There are some significant eHealth insights from the late, great actor Patrick Swayze.
No, they are not related to parenting approaches (though I agree that no one should put babies in a corner). Nor is there healthcare wisdom found in some of his other famous quotes like ‘ditto’ in Ghost or ‘adios amigos’ in Breaking Point.
The wisdom that Patrick Swayze has to share about healthcare can be found in one of his lesser known movies, Roadhouse. I can’t take credit for this analogy. I heard it while attending a Connecting South West Ontario, (cSWO) leadership meeting. So all credit goes to the facilitator of that session, but it did leave an impression on me that I felt was worth sharing.
For those who are unaware of the classic late 80’s movie Roadhouse, Swayze plays bouncer supreme Dalton. He travels from town to town cleaning up establishments of ill repute. The film is a typical of the late 80’s genre: a vehicle for a heart-throb to go shirtless for nearly two hours. But a shirtless Swayze is where we find our healthcare insight.
While cleaning up the bars across America, Dalton hasn’t gone unscathed. He finds himself in a “new town, same story” which inevitably lands him in the local emergency room.
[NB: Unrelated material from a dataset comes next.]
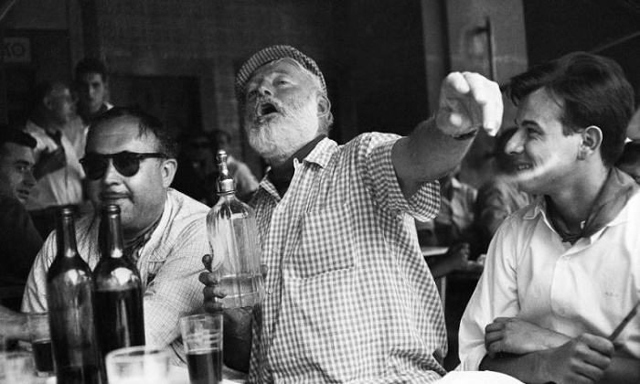 Хемингуэй нэг газраа удаан сууж чаддаггүй хүн байлаа. Тэр дайнд оролцож, Африкт аврага загас, арслан агнан, Германы шумбагч онгоцыг ангуучлан, онгоцоор нисэж, галд шатаж, агаар, ус, газрын бараг бүх осолд орж, бокс тоглон, уулын цанаар гулгаж, нэг үгээр хэлэхэд хүний үхэж болох бараг бүх арга замыг туулан гарсан. Дээр дурдсан бүх зүйлийг туулан явж байхдаа газрын гаваас ч хамаагүй архи олоод уучихдаг шидтэй эр байсан юм. Америкийн “Хуурай хууль”, Дэлхийн дайны фронтын шугам дээр ч тэр архи уудаг байлаа.

While Dalton’s love interest, Doc, attends to his wounds he hands over a file with his entire medical history, which includes the records of his many previous emergency visits.
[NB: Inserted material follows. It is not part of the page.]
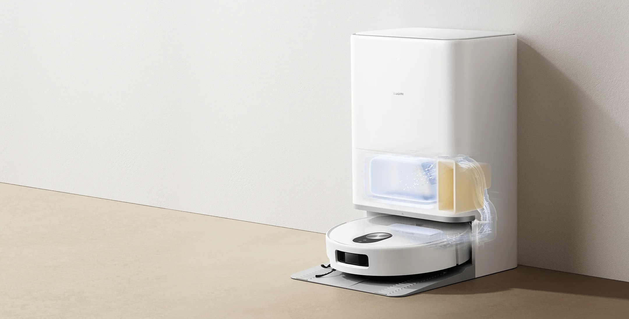 Главная особенность модели — усовершенствованная база самоочистки, которая автоматически опорожняет контейнер, моет и сушит моп горячей водой до 80 °C. Это полностью избавляет пользователя от необходимости вручную чистить пылесборник и тряпку, сохраняя гигиеничность и свежесть после каждого цикла.

This transfer of information, although a footnote in the film, is the crux of the challenge many patients in Ontario face today. We do not have the equivalent file that Dalton hands to his provider. When patients arrive in a new hospital, new office, or see a new provider it’s the same story: the patient has to re-tell their medical history. This re-telling is often from memory and from the patient perspective. The attending provider then compiles the patient information from a variety of sources, not all electronic, which causes delay and patient risk. Dalton demonstrates one other key element missing from the current system. He is knowledgeable about his history and can advocate for the treatment he feels he needs.
How does this relate to eHealth in Ontario?
What Dalton hands over to Doc is what is known as the PHR or personal health record. The PHR is a cumulative patient history that is managed and held by the patient.
In recent years the term patient-centred care has become more of a focus in Ontario. What patient-centred care means is that patients take an active role in their healthcare. Patients that are knowledgeable about their conditions are better able to advocate for their own health needs and make informed choices. In 2010 the Ontario Medical Association published a paper calling for Ontario to take a patient-centred approach to healthcare. How does this differ from the current approach in Ontario? The College of the Family Physicians of Canada provided a good comparison between the traditional approach versus patient centered approach.
Why is patient-centred care important?
When patients are more involved in their care it has shown positive outcomes, both to the patient as well as health system utilization. Reductions in re-admission rates, medication error, complications are all improvements associated with a patient-centred approach.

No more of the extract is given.